Melalui proposisi “The True Flagship”, POCO sukses menjadi pilihan utama kalangan penggemar mobile gaming, sekaligus memperkuat dominasi Xiaomi di pasar nasional.

Country Director Xiaomi Indonesia, Wentao Zhao, menyampaikan apresiasi atas kepercayaan konsumen Indonesia terhadap produk Xiaomi.

“Kami sangat berterima kasih atas kepercayaan besar yang diberikan oleh seluruh konsumen di Indonesia. Pencapaian ini merupakan buah dari komitmen kami menghadirkan inovasi yang inklusif,” ujar Wentao, Selasa (18/2/2026).

Ia menilai masyarakat Indonesia kini semakin selektif dalam memilih perangkat, tidak hanya mengutamakan spesifikasi tinggi, tetapi juga ekosistem yang mampu menunjang kualitas hidup.

Memasuki 2026, Xiaomi mempertegas visi global “Human x Car x Home” sebagai strategi membangun ekosistem teknologi terintegrasi yang menyentuh seluruh aspek kehidupan pengguna.

Dalam konsep tersebut, smartphone Xiaomi berperan sebagai pusat kendali (gateway) yang menghubungkan mobilitas, kendaraan, hunian, hingga berbagai perangkat pintar dalam satu sistem terpadu.

Untuk mendukung visi itu, Xiaomi mengandalkan Xiaomi HyperOS 3 sebagai fondasi ekosistem. Sistem operasi ini dirancang sebagai “The Great Connector” yang menyatukan seluruh perangkat Xiaomi dalam satu platform terintegrasi berbasis kecerdasan buatan (AI).

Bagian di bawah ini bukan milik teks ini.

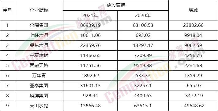 從近期水泥板塊上市企業(yè)發(fā)布的中報數(shù)據(jù)來看,9家上市公司有6家企業(yè)應(yīng)收票據(jù)金額較上年同期有所增加,其中金隅集團(tuán)2021年中報應(yīng)收票近8.7億,同比2020年中報增長約2.4億,上峰水泥2021年中報應(yīng)收票約1.1億,上年中報應(yīng)收票僅693.02億,應(yīng)收票據(jù)增加近1億元。以水泥為主業(yè),曾經(jīng)的“巨虧”冀東水泥應(yīng)收票據(jù)增長9062.59萬元。
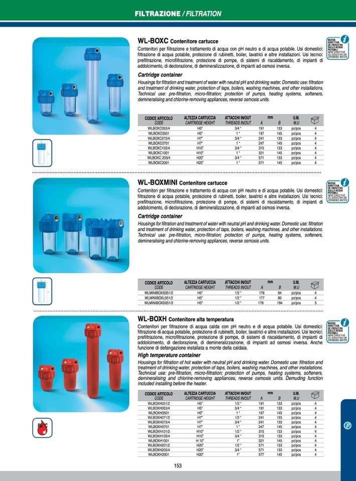 Contenitori per filtrazione di acqua calda con pH neutro e di acqua potabile. usi domestici:
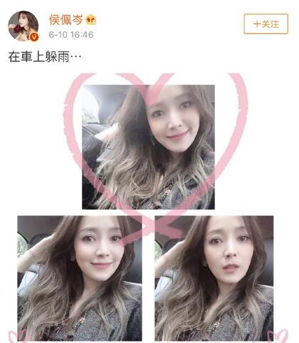 据香港媒体报道,好多女艺人拥有纯熟的自拍技巧,甚至在任何场合、时间、天气都可以拍出萌爆的美照,台湾女星侯佩岑就是一个好例子,她近日在微博晒出了三张在车里的自拍照片,照片中她利用低角度,令自己的面形显得
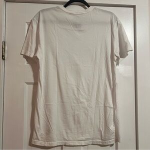 DESCRIPTION: A high quality white top is a closet staple! Standard neckline with blue embroidered logo. No indication of men's/women's, however a great neutral to any closet!
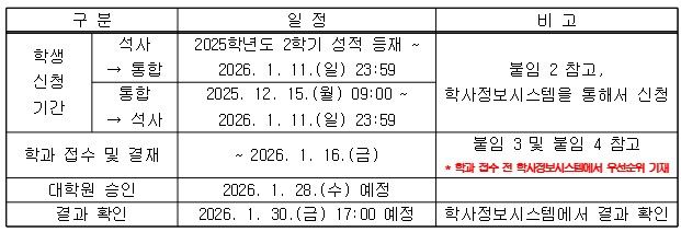 가. 학사정보시스템에는 2025년 12월 15일부터 신청 메뉴가 활성화 되나, 통합으로의 과정 변경은 학점 요건이 있어 성적이 등재되는 시점부터 신청이 가능합니다.(성적 등재는 성적 정정 등의 학사 일정에 따라 변동되는 경우가 많아 정확한 기간을 명시하기가 어려우며, 대략 2026년 1월 초에 등재됨. 실제 신청 기간은 약 1주가 안되는 기간이기에 반드시 성적 등재 이후 기간 내 신청)
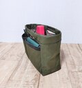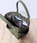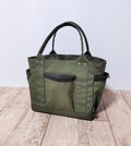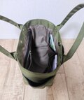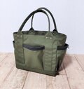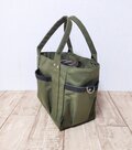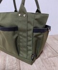 コーデュラナイロン×本革トートバッグ|自立・多ポケット|底鋲/軽量(カーキグリーン)

“Fokus kami di 2026 adalah memastikan setiap interaksi dalam ekosistem Xiaomi terasa alami dan adaptif terhadap rutinitas harian pengguna,” tambah Wentao.

Dengan strategi inovasi berkelanjutan dan penguatan ekosistem digital, Xiaomi optimistis mampu mempertahankan kepemimpinan pasar sekaligus menghadirkan solusi teknologi yang relevan bagi masyarakat Indonesia.(*)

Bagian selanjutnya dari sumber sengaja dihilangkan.